[LLVMdev] MergeFunctions: reduce complexity to O(log(N))
Stepan Dyatkovskiy
stpworld at narod.ru
Mon Feb 10 09:40:44 PST 2014
ping
Stepan Dyatkovskiy wrote:
> Hi all,
>
> Previous patch has been split onto series of small changes.
> On each stage (after each patch) MergeFunctions pass is compilable and
> stable.
>
> Please find patches in attachment for review.
>
> To apply all patches at once, use "apply-patches.sh" script as follows:
> 0. Place "apply-patches.sh" in same directory with patches.

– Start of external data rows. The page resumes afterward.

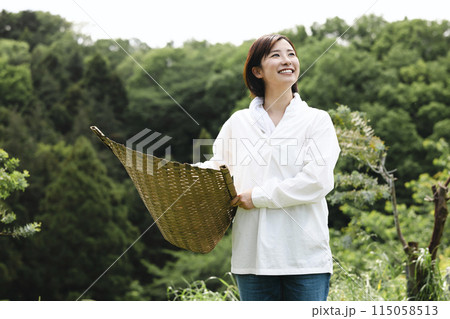編みかごを持つ女性
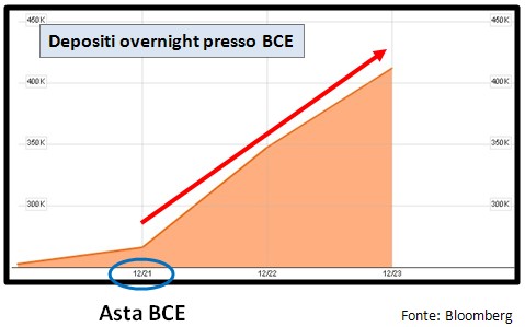 Venerdì, invece, in possesso dei dati aggiornati al 22 dicembre si diceva: "Ed ora scopriamo che di questi 210 miliardi per il momento 82 sono stati depositati presso la stessa BCE.".
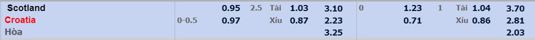 - Mức kèo nhà cái cược chấp trận này: Croatia chấp 0,25 trái. Scotland ăn 0,95. Croatia ăn 0,97
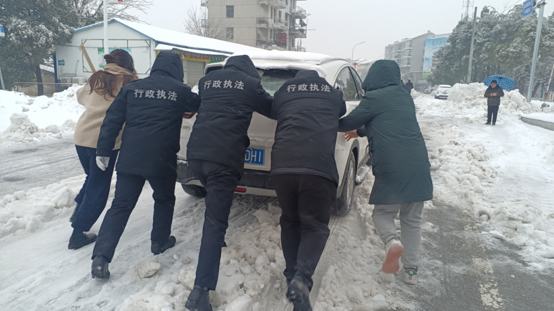 在新沟镇街,综合执法中心70名队员日以继夜巡查主次干道、桥梁、涵洞。遇到车辆打滑,他们秒变“推车侠”,任凭脸上、身上甩满泥水。
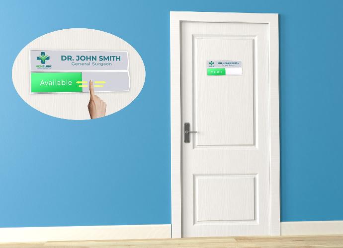 Papan Nama ruang yang bisa di geser bagian bawahnya untuk melihat dokternya sedang ada di tempat atau tidak. Tersedia 2 pilihan 1 baris dan 2 baris.
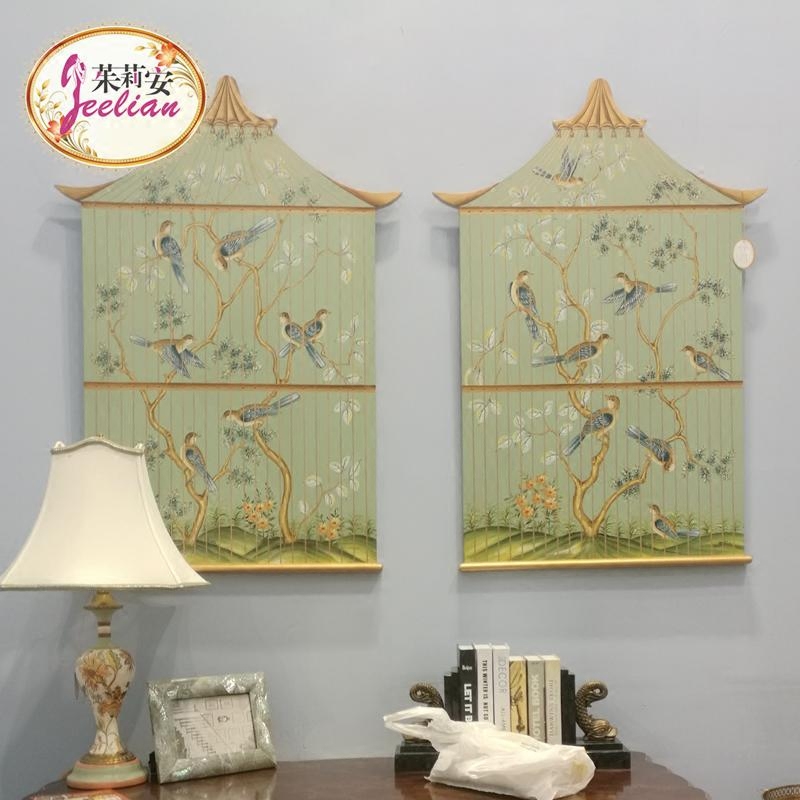 American Neoclassical bird cage hanging painting Hand-painted flowers and birds painting French green villa model room hanging painting mural pair
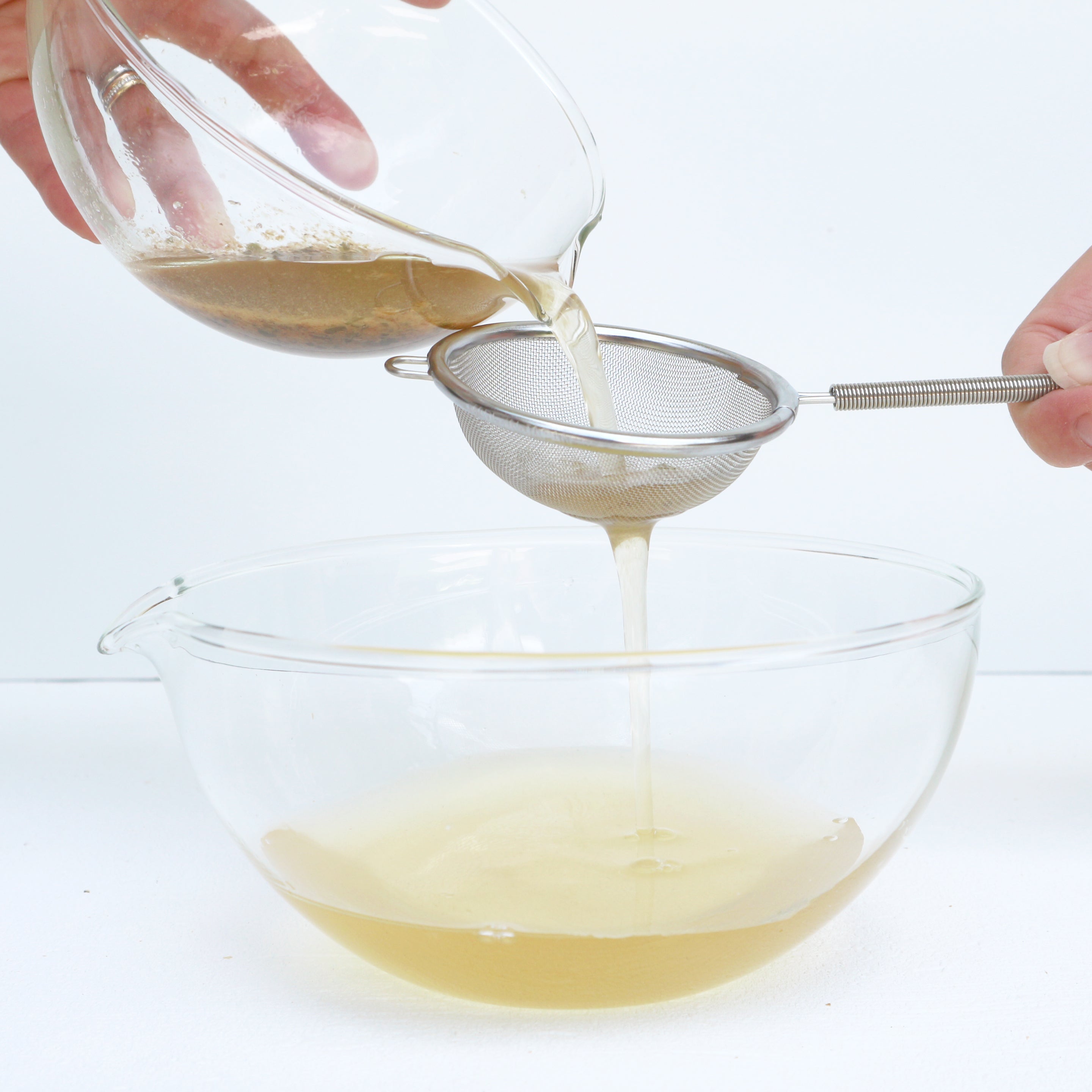 《 お湯 ver. 》沸騰したお湯100mlに原料のおだし大さじ1/2を入れ5分おく。

> 1. cd <llvm-sources-dir>
> 2. "bash <path-to-patches-dir>/apply-patches.sh"
>
> -Stepan
>
> Stepan Dyatkovskiy wrote:
>> Hi Nick,
>> About partition refinement.
>>
>> It looks like patch proposed here allows to apply your idea with
>> painless way (as series of small changes actually).
>>
>> If I got it right, you would like to introduce the next
>> partition-refinement.
>>
>> Initial partition P consists of only one functions class X0 (whole
>> module, single bucket). Suppose S is subset of X0, so S represents
>> functions with some trait that is absent in rest part of X0.
>>
>> Then refinement looks like below:
>>
>> P`=refine(P, S):
>> X`[0] = intersection(X[0], S)
>> X`[1] = difference(X[0], S) // X0 without S0
>>
>> so P`={X`[0], X`[1]}
>>
>> And actually X`[0] and X`[1] are classes of functions that differs with
>> trait defined by S.
>>
>> Then (suppose, we need to introduce new trait, so it would be S`):
>>
>> P``=refine(P`, S`), so each X`` could be defined like below:
>> for each X`[i] in P`:
>> X``[i*2] = intersection(X`[i], S`)
>> X``[i*2+1] = difference(X`[i], S`)
>>
>> and so on, until all the traits are over.
>>
>> Finally we got the classes (set of Xs) that consists of equivalent
>> functions. So, we can merge functions inside the class bounds.
>>
>> Am I right?
>>
>> Patch, that was proposed here could be represented as such partition
>> refinement then:
>>
>> On each refinement stage, you need to introduce S somehow, the algorithm
>> that answers the question: "what sort of difference we want to check in
>> this bucket?"
>>
>> In existing implementation we check traits already, but pair-wise
>> (attributes, calling convention, number of arguments, number of basic
>> blocks, etc.). How to to use the same traits in partition refinement?
>>
>> Consider next example. Suppose we want to split some bucket X:
>>
>> 0. Take some trait from *pair-wise* comparison. For example: number of
>> arguments.
>> 1. Take some function from bucket X, let it be F1. Let F1 has N1 number
>> of arguments.
>> 2. Then S are functions with number of arguments *less* than N1.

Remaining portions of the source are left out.